==== Data extract ====
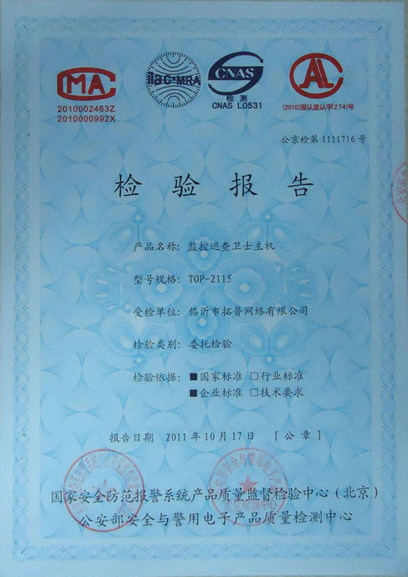2011年10月17日,由我公司自主研發的監控巡查衛士主機通過國家安全防范報警系統產品質量監督檢驗中心及公安部安全與警用電子產品質量檢測中心的聯合檢測,檢測結果顯示,該主機所有技術指標均已達到國家規定標準,并出具了聯合檢測產品檢驗合格報告。 近年來,在全體員工的不懈努力下,公司技術實力不斷增強,科技研發能力顯著提升,多項研發成果獲得國家專利證書并在應用中得到推廣。此次監控巡查衛士主機產品的研發成功再一次證明了公司的自主研發水平和能力。 據了解,巡查衛士產品的成功研發最初源于工作人員的一個猜想,在一步步的實踐中最終形成產品并得到應用。希望全體員工在以后的工作中不斷創新,遇到困難勇于直面,開動腦筋、集思廣益,一個瞬間的想法可能就會為公司帶來一個新產品的誕生,開辟更廣闊的市場。
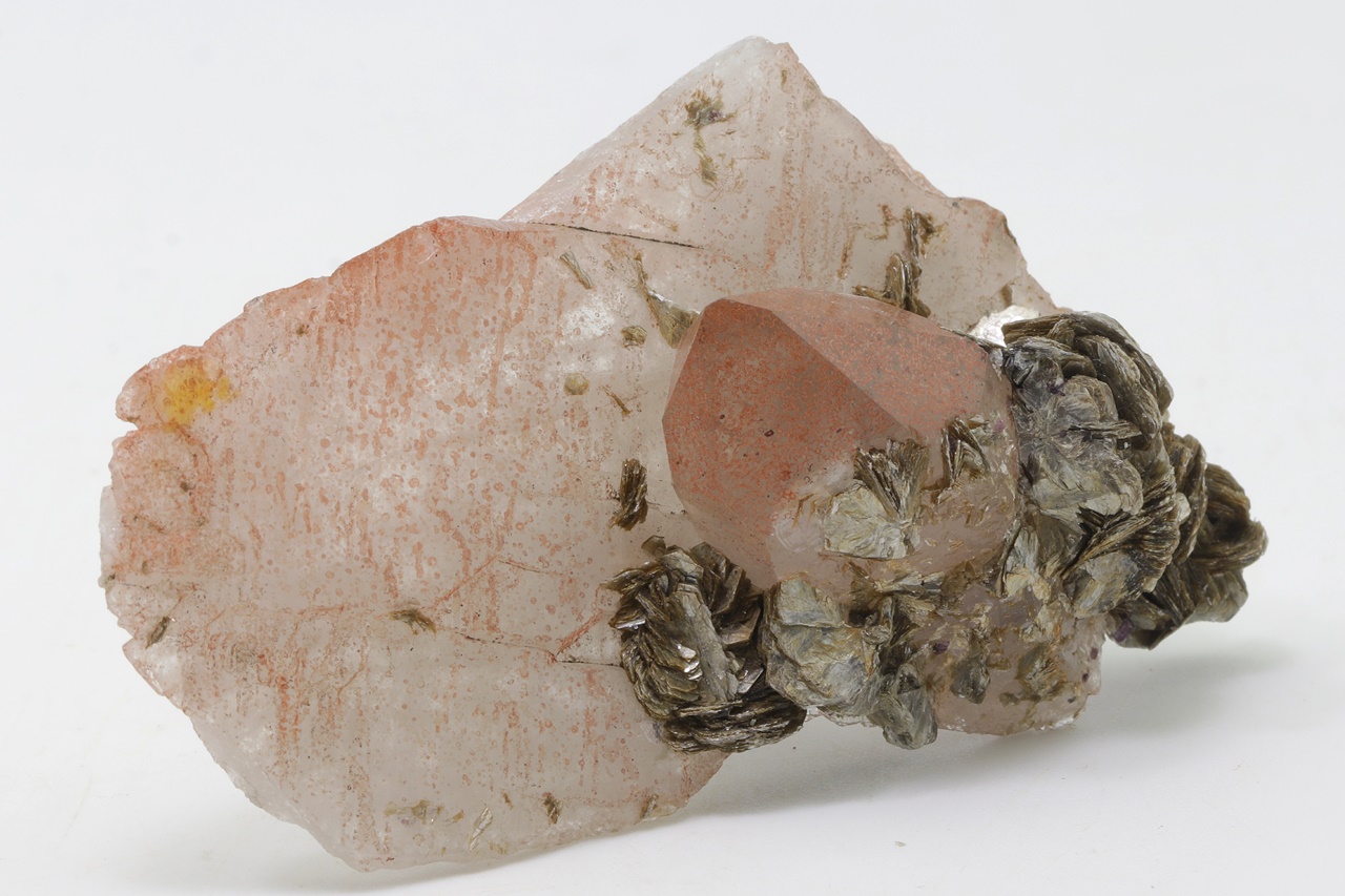 Plováček křemene porostlý tabulárními krystaly cinwalditu.Menší krystal křemene je 4 cm velký.
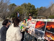 [시사뉴스 장시목 기자]겨울 끝자락, 봄을 앞둔 산과 공원 입구에 같은 풍경이 반복됐다. 사진 앞에서 멈춰 선 시민, 스티커를 붙이며 고개를 끄덕이는 손, 따뜻한 차를 건네는 자원봉사자의 미소. 장소는 달랐지만 질문은 같았다. “산불, 막을 수 있을까?” 신천지 자원봉사단 부산경남동부지역연합회는 지난 2월 초, 부산·울산·진주·창원·김해 등 5개 지역에서 산불 예방 캠페인을 연합으로 전개했다. 부산동부지부를 중심으로 울산지부, 진주지부, 창원지부, 김해지부가 각각 지역 특성에 맞는 방식으로 시민들을 만났지만, 캠페인의 방향과 메시지는 하나였다. 산불 예방은 특별한 일이 아니라, 반복되는 일상 속 실천이라는 점이다. 부산 해운대 대천공원 입구에서는 등산객들의 발걸음이 자연스럽게 사진 앞에서 멈췄다. 2025년 산불 피해 사진전은 말보다 강한 메시지를 전했다. 한 시민은 “사진으로 보니 겨울철 산불이 얼마나 무서운지 실감 난다”며 스티커를 붙이며 산불 원인을 하나하나 짚었다. 같은 장소에서 꾸준히 봉사를 지켜봐 온 시민들은 “또 나오셨네요. 늘 수고가 많다”며 먼저 인사를 건네기도 했다. 일회성 캠페인을 넘어 신뢰가 쌓였음을 보여주는 장면이었다. 울산 문수산 등
====
== What the exercise asks ==
Leaving the pictures out, copy exactly the lines from the line that contains "Plováček křemene porostlý" to the last line of the data, both ends included.

== Written solution ==
 Plováček křemene porostlý tabulárními krystaly cinwalditu.Menší krystal křemene je 4 cm velký.
 [시사뉴스 장시목 기자]겨울 끝자락, 봄을 앞둔 산과 공원 입구에 같은 풍경이 반복됐다. 사진 앞에서 멈춰 선 시민, 스티커를 붙이며 고개를 끄덕이는 손, 따뜻한 차를 건네는 자원봉사자의 미소. 장소는 달랐지만 질문은 같았다. “산불, 막을 수 있을까?” 신천지 자원봉사단 부산경남동부지역연합회는 지난 2월 초, 부산·울산·진주·창원·김해 등 5개 지역에서 산불 예방 캠페인을 연합으로 전개했다. 부산동부지부를 중심으로 울산지부, 진주지부, 창원지부, 김해지부가 각각 지역 특성에 맞는 방식으로 시민들을 만났지만, 캠페인의 방향과 메시지는 하나였다. 산불 예방은 특별한 일이 아니라, 반복되는 일상 속 실천이라는 점이다. 부산 해운대 대천공원 입구에서는 등산객들의 발걸음이 자연스럽게 사진 앞에서 멈췄다. 2025년 산불 피해 사진전은 말보다 강한 메시지를 전했다. 한 시민은 “사진으로 보니 겨울철 산불이 얼마나 무서운지 실감 난다”며 스티커를 붙이며 산불 원인을 하나하나 짚었다. 같은 장소에서 꾸준히 봉사를 지켜봐 온 시민들은 “또 나오셨네요. 늘 수고가 많다”며 먼저 인사를 건네기도 했다. 일회성 캠페인을 넘어 신뢰가 쌓였음을 보여주는 장면이었다. 울산 문수산 등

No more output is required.